# Handle wrap Micarta Rambone Tutorial video



## The Art Of Weapons (Mar 8, 2013)

Hello everyone
i hope that you enjoy this video!
please post any questions that you have below!


----------



## B.P.R (Dec 28, 2012)

Very smart young man


----------



## rockslinger (Nov 16, 2010)

Great job and thanks for the tutoral.


----------



## Henry the Hermit (Jun 2, 2010)

Wow! That is impressive.


----------



## Bill Hays (Aug 9, 2010)

Very nicely done.

What's amazing is I just happen to be making a wrapped micarta slingshot as well.

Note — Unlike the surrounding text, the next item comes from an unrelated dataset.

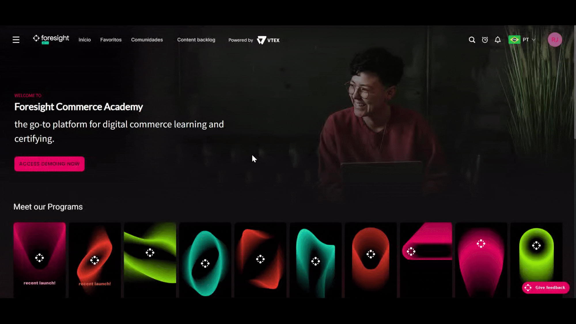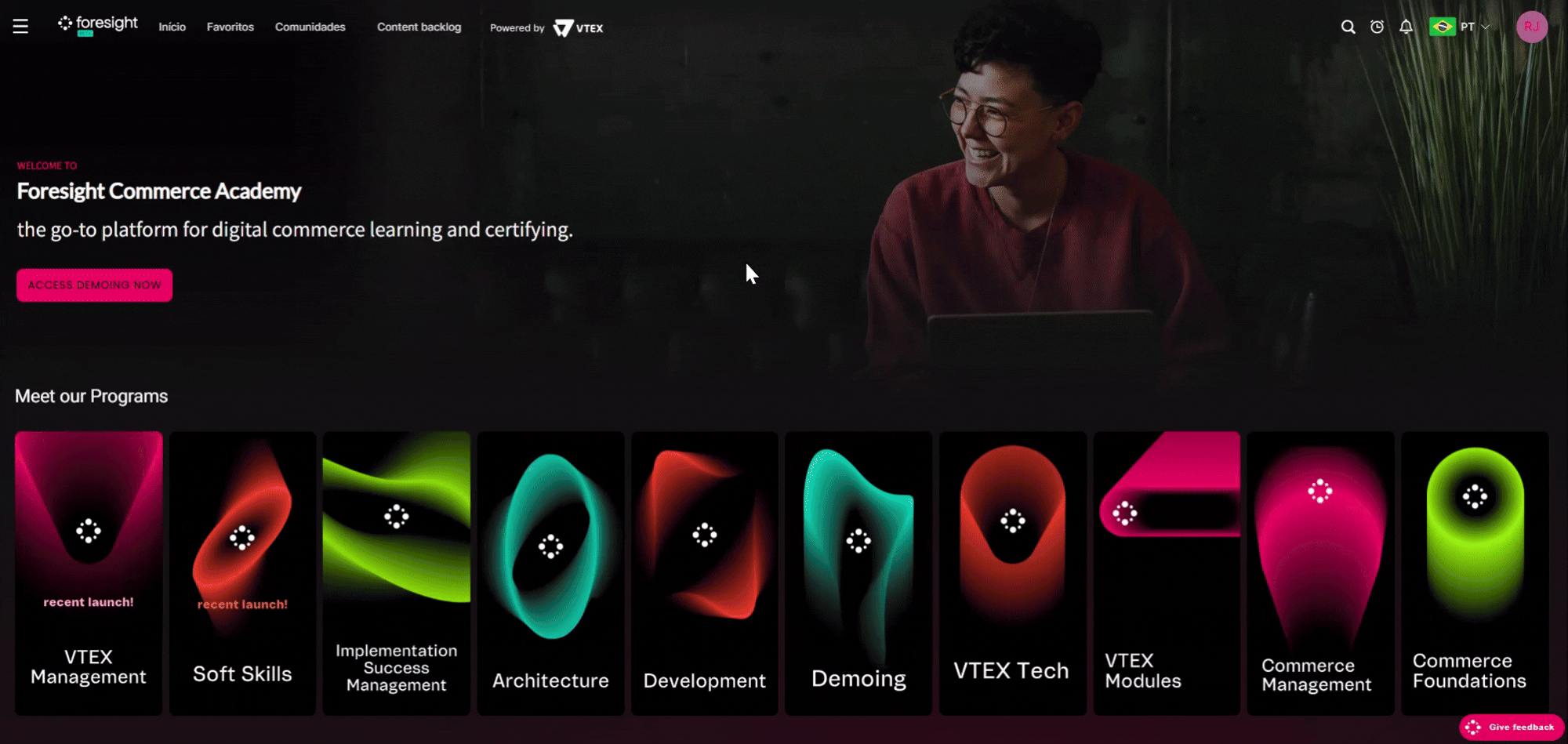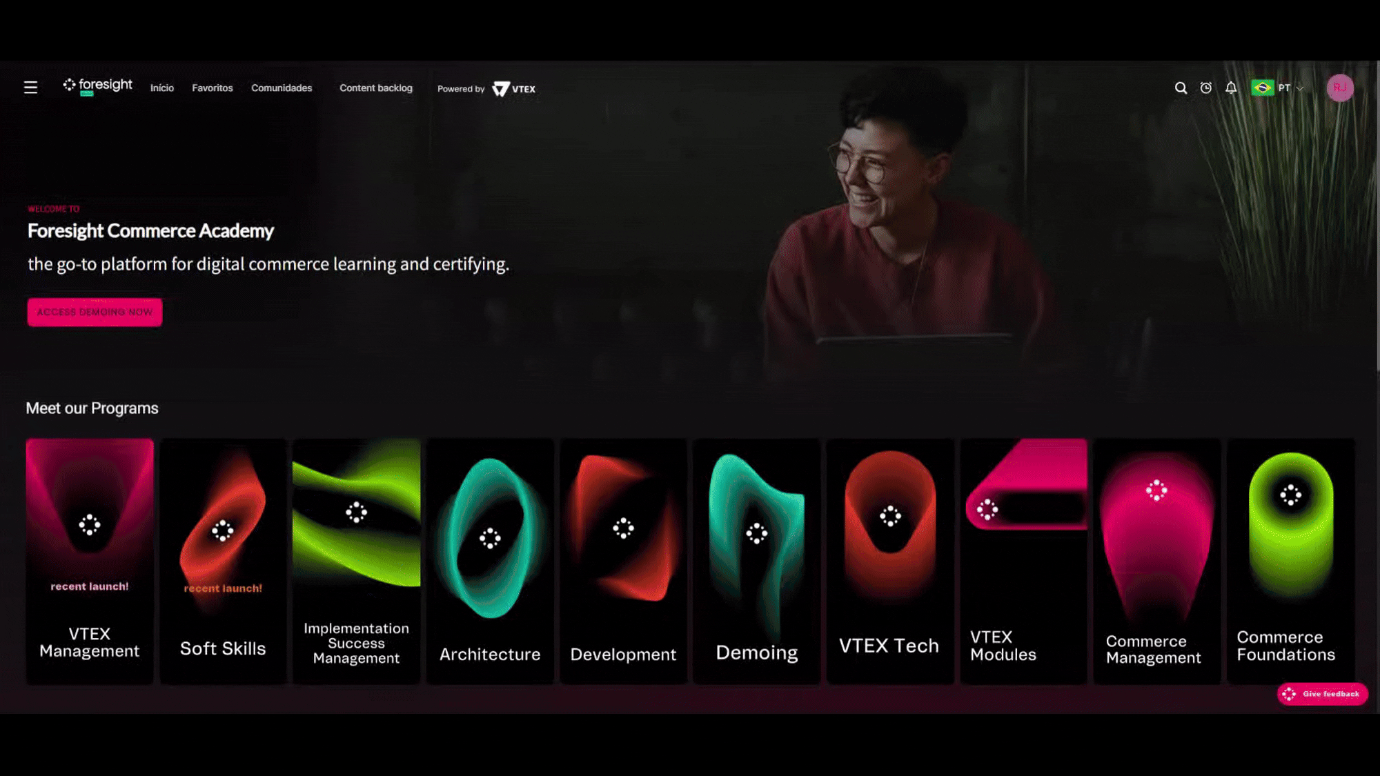 Foresight Commerce Academy é uma plataforma educacional promovida pela VTEX destinada a compartilhar conhecimento sobre diversos temas relacionados a negócios, arquitetura e tecnologia VTEX.

Through experimentation I found stretchable fabrics such as polyester or lycra work extremely well for this technique... As you can follow the contours of a precut handle/grip much easier, plus it makes embedding of objects such as skull shapes and other stuff much easier as well.


----------



## Outlaw (Jan 16, 2014)

Interesting tutorial, thanks for sharing...


----------



## f00by (May 18, 2010)

Great tut as usual. Love making my own micarta. Lots of fun and a versatile material


----------



## The Art Of Weapons (Mar 8, 2013)

thanks everyone!


----------



## e~shot (Jun 3, 2010)

Always top notch mate!


----------



## BlackBob (Mar 8, 2013)

THAT!! young man is how a Tutorial should be done. Very impressed it has encouraged me to give it a try.


----------



## Dr J (Apr 22, 2013)

Me three !


----------



## The Art Of Weapons (Mar 8, 2013)

thanks guys!

i am really glad that you enjoyed all of the effort that i put into this video!


----------